Three Things We Learned From Vandy/South Carolina I

After a day of reflection, I have come to this careful conclusion: that sucked. Vanderbilt fans were treated to a fraction of the feeling that Mississippi State fans had when Shan Foster tore them down in '08 during Saturday's loss. The Gamecocks, led by Bruce Ellington and Sam Muldrow, made tough shots look easy and long rebounds the norm in a game that looked like a Vandy win midway through the second half. Behind a barrage of deep threes and converted second chances, South Carolina not only forced overtime against the #22 Commodores, but dominated the favored team in the extra frame.

Vanderbilt had just one field goal - a John Jenkins three pointer - over the last nine minutes of play, leading to a 75-83 loss and the first major blemish on the Commodores' NCAA Tournament resume. The Gamecocks needed to catch fire to beat their more talented opponents, and did so behind freshman Ellington's hot hand. Just like Devan Downey's clutch shooting buried Vandy in the two teams' previous meeting, a diminutive SC guard proved to be the key to unraveling the 'Dores again in 2011.

That wasn't the only thing we learned about this team in the first SEC game of the season. Let's look at what the season's third loss said about the Commodores.
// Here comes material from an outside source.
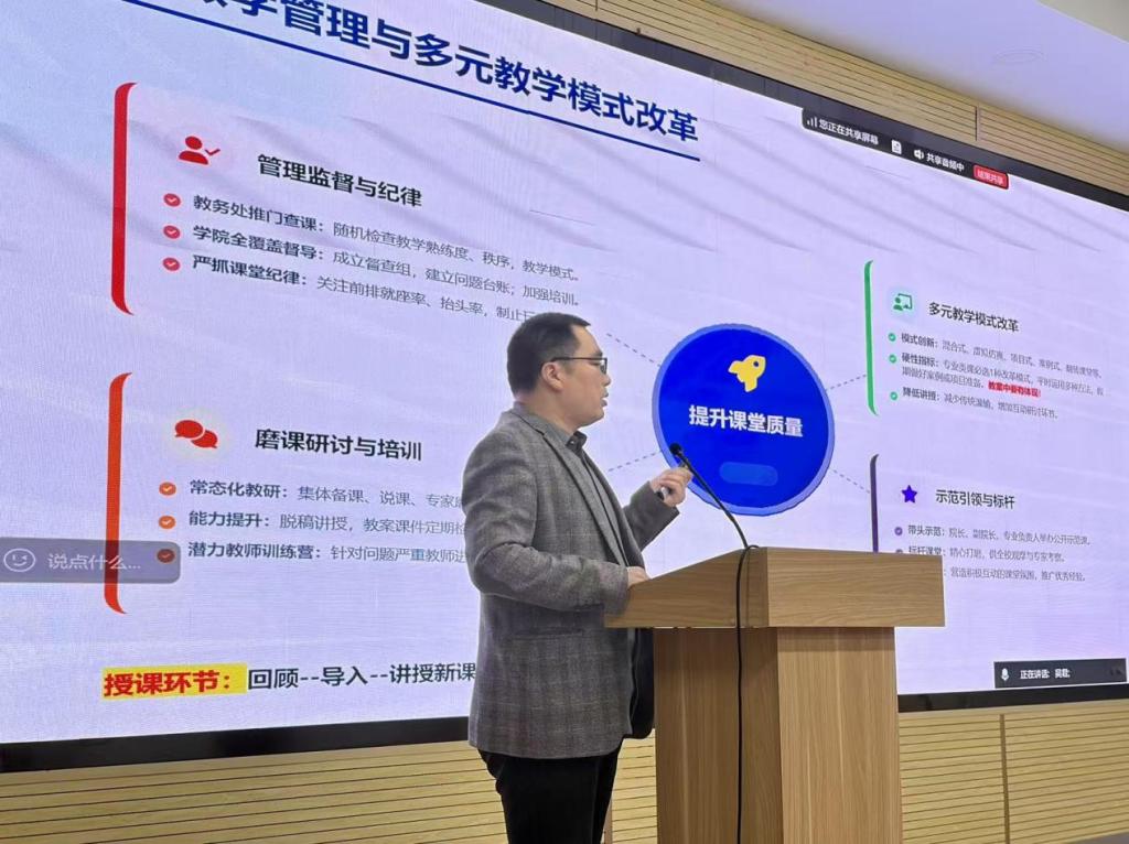 会上,学院结合教务处2025-2026学年第一学期第四次教学工作会议精神,对本学期末及下学期的重点教学工作进行了全面、细致的部署。

This team still doesn't know what to do with the final shot of the game. For all the announcers' praise of Kevin Stallings's play-calling abilities, his choices with the game on the line have left much to be desired. The 'Dores have had five opportunities to tie or win games with the final shot of regulation this season, and only converted one. Granted, situations against West Virginia and Missouri gave the team a pretty limited window of opportunity to get a shot off, but the fact remains that Vanderbilt is converting just 20 percent of their most important shots.

Saturday was no different. With 17 seconds left on the clock and the game tied, the 'Dores couldn't shake John Jenkins loose for an open look or feed the ball to the paint for the basket. Instead, we got a long step-back jumper from Jeffery Taylor - a player in the midst of a 4-16 shooting night. Taylor no doubt wanted the ball after his big confrontation with Sam Muldrow earlier, but he wasn't the right guy to put up a contested shot from 20 feet out. His touch was just slightly off, and those inches were enough of an opening for South Carolina to run past the 'Dores in overtime.

It's also worth noting the list of players who have taken the final shots in close games for Vandy this season. Brad Tinsley (twice), Andre Walker, Taylor, and Rod Odom. Notice anyone missing from that list?

Cohesion. We does not has it. Saturday marked another performance where the team was firing at less than 70% efficiency. John Jenkins and Lance Goulbourne played well, but it wasn't enough to stop the hemorrhaging when South Carolina started shooting the lights out. Taylor made up for his offensive deficiency with solid defense and chippy play but his scoring prowess was missed, especially in crunch time. Festus Ezeli couldn't capitalize on a solid start and played flat throughout the second half. Brad Tinsley failed to contribute much. 

You can point to the fact that this team led by 14 in the second half despite these problems if you want to be an optimist, but the reality is that this inconsistency gave away a winnable SEC game against an inferior team. The Commodores are one of the most talented squads in the Southeastern Conference, but they won't be able to scrap by on individual efforts alone. Vandy can post a winning league record if they keep putting up performances like Saturday's. However, if they come together and put together a solid cohesive effort each night, they can win the SEC title.

Lance Goulbourne's progression continues. Goulbourne's development as a rebounder has been impressive, to say the least. The knock on the athletic forward last year was that he was often out of position when shots hit the rim and lacked the aggression to pull down rebounds consistently. This year, his footwork has improved and his anticipation in the paint has made him a beast on the glass. The junior had 14 boards on Saturday and is averaging 7.2 rebounds in just 24.4 minutes per game. He and Festus Ezeli have emerged as the team's backbone on the backboard this season:

Player Reb Mins Mins/Reb
Festus Ezeli 91 296 3.25
Lance Goulbourne 86 293 3.41
Steve Tchiengang 60 256 4.27
Andre Walker 35 192 5.49

In the NBA, an figure of four minutes per rebound is considered just about average for big men. A mark closer to three minutes suggests a top tier rebounder. Goulbourne and Ezeli, with rebounds for every 3:24 and 3:15 of court time, respectively, have developed into one of the SEC's best frontcourts in that regard. Though lots of long rebounds found their way into Gamecock hands Saturday, Commodore fans should feel better about this team's ability to secure missed shots compared to 2010.